It’s astonishing how wide-ranging different football teams look towards possession. Clearly, no team is more genuinely dedicated to possession in all circumstances than Barcelona, even though that devotion can be detrimental to them, as it did in the recent Clasico and the Champions League semi final. Barcelona’s system as we all know is the tiki-taka. It’s a ridiculous sounding verbalization, isn’t it? Tiki-taka hardly brings to mind pictures of magnificence, of trophy cases filled with silverware except if you are Barcelona and you have earned thirteen gems in four terms under Pep Guardiola.

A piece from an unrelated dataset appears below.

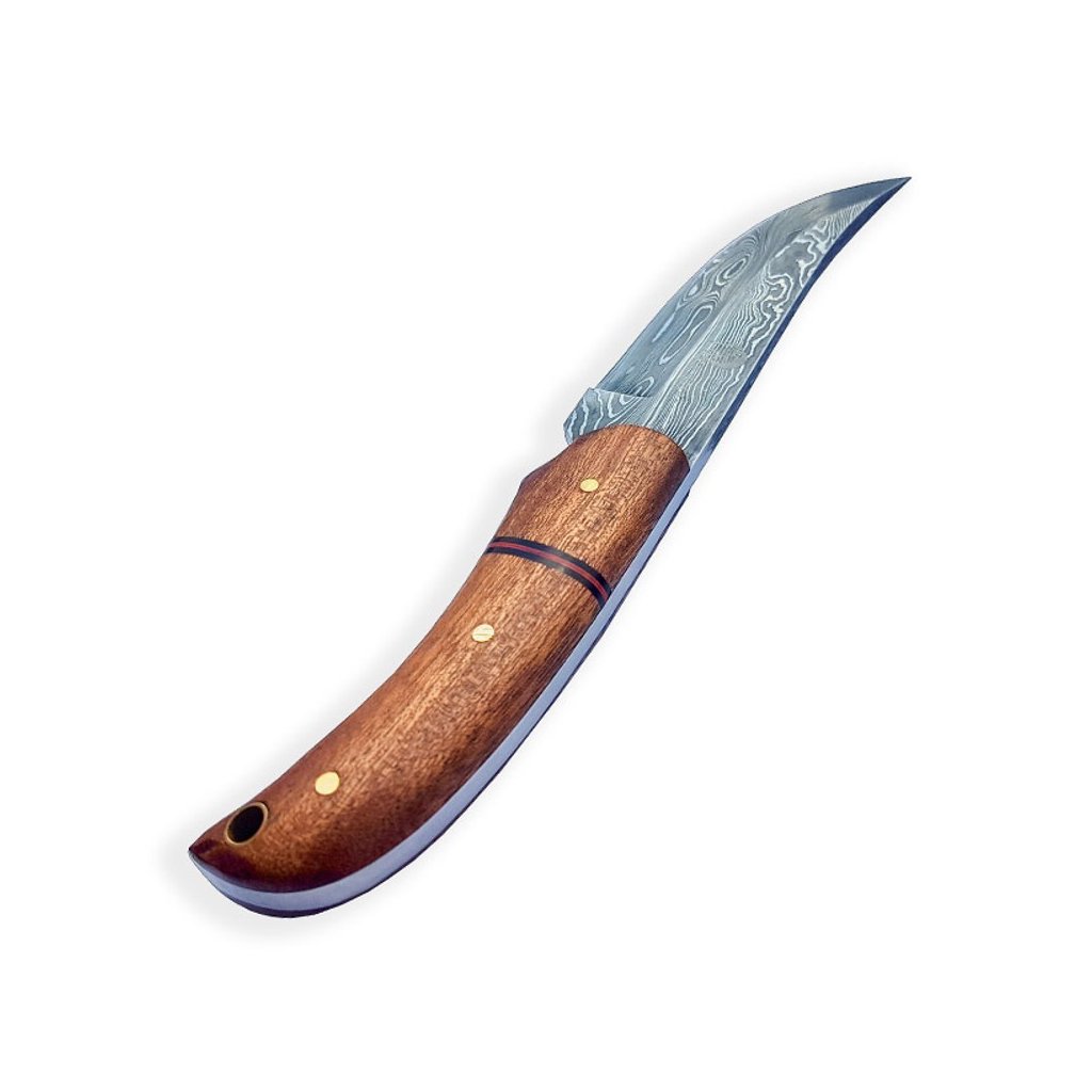 Praktický nůž Dellinger Damask Skinner Mahagony je velmi užitečný outdoorový nástroj s pevnou čepelí, ideální pro myslivost i náročný bushcraft. Čepel nože je vyrobena z damaškové uhlíkové oceli, kdy vyšší obsah uhlíku přispívá k její větší tvrdosti a odolnosti materiálu; čepel se navíc velmi snáze brousí do extrémního ostří. Nůž není nerezový. Díky tomu je potřeba o čepel také více pečovat – pravidelná údržba, včetně vytření do sucha po použití a následném naolejování, minimalizuje riziko koroze. Postupem času ocel přijme krásnou patinu, čímž se stane ještě jedinečnějším. Rukojeť je vyrobena z krásného mahagonového dřeva, které patří mezi nejvzácnější tropické dřeviny. Je velmi tvrdé a charakteristické svým červenohnědým zbarvením. Nůž je dodáván s koženým pouzdrem.

On the subject of possession, I noticed another tactic engaged in last season in the Premier League match between Sunderland and Blackburn. In the remaining half-hour of their match with Sunderland, Blackburn made no effort to have power over the ball, at all. Steve Kean just backed his players against their goal and let Sunderland pound away. But Sunderland got two goals in the last ten minutes and furnished Martin O’Neill his first win with the team.
Kean may have cost his team the game by forfeiting possession from, but it’s impeccably sensible to turn your back on a possession-based game: you can’t hold on to the ball just by yearning for it — there are individuals on the playing field striving to procure it from you — so if you intend to keep a hold of it, you require players who:
(a) Have exceptional on-ball deftness.
(b) Have good positional awareness, together with knowledge of the probable locations of teammates and adversaries correspondingly.
(c) Have confidence in their teammates and trust that they will do the appropriate thing when the ball approaches them.
(d) Aren’t by a long way nervous.
You ought to have players with these qualities in every part of the playing field. The Barca method succeeds only as the back four are as secure with the ball at their feet as other teams’ attacking midfielders. The trouble with defending against opposition like Barca is that their other players are unvaryingly untouchable when they have the ball (Xavi, Iniesta, Messi, Fabregas – anyone wanna defend?), so a high-pressing game is in all probability the challenger’s finest opportunity to get anything out of the game, that is, if their forwards have the doggedness and the stamina to persevere with it for the entire game which is very uncommon. When you come right down to it – when you play Barca, you’re screwed (more often than not), but we all are familiar with that by now.
The exquisiteness of Barcelona’s style of play has gotten everybody’s head in the clouds these days: Martin O’ Neill said that he wanted Sunderland to play that way. Sounds terrific, Martin: all you have to do is to arrange a world-class football academy, sign gifted players when they are like eight years old, ward off all endeavours to embezzle them away from Wearside, and when they’re fully developed, elevate them to the first team. By the time you’re 75 it’ll all be in position! All you’ll require then is to play every match against sides controlled by Steve Kean.
What the game of football needs is not more managers who want to play like Barcelona or teams managed by Steve Kean, but an innovative army of tacticians who put genuinely inventive thoughts into crafting an opportunistic, counter-attacking, possession-unconcerned style that can be inculcated into players who haven’t spent fifteen years together trying to play football and who may not have the skills needed to play keep-at-bay for ninety minutes. Players in such a system would need, above all, the watchfulness to look for openings to upset possession, the serenity to wait for those split second moments without becoming sidetracked or over-aggressive, and the audacity to take instantaneous advantage of any momentary failure. Exceptional enough qualities, I guess, but they can be taught, and taught to players who lack profound knowledge of their teammates — as will more often than not be the state of affairs in the ever-changing world of contemporary professional sports.
In spite of everything, we still don’t know whether the Barcelona model will be sustainable in the long run even by a team like Barcelona, though at least the standard of their future looks attractive and damn brilliant, bearing in mind the way their kids play. Barca’s opponents have to hope that the team has more economic predicament than its bosses have been prepared to acknowledge. But, whatever the case may be, it would be imprudent to think that this model can be put into practice anywhere else; owners and managers should austerely plunk the attention from their minds, and along with it a tactical approach based primarily on possessing the ball.
In this one case, tactics are attached compactly to a system that can’t be simulated. It’s time for one and all to think outside the box — to use a phrase — and that measures, most of all, how to play well and how to be dangerous when you don’t have the ball all the time.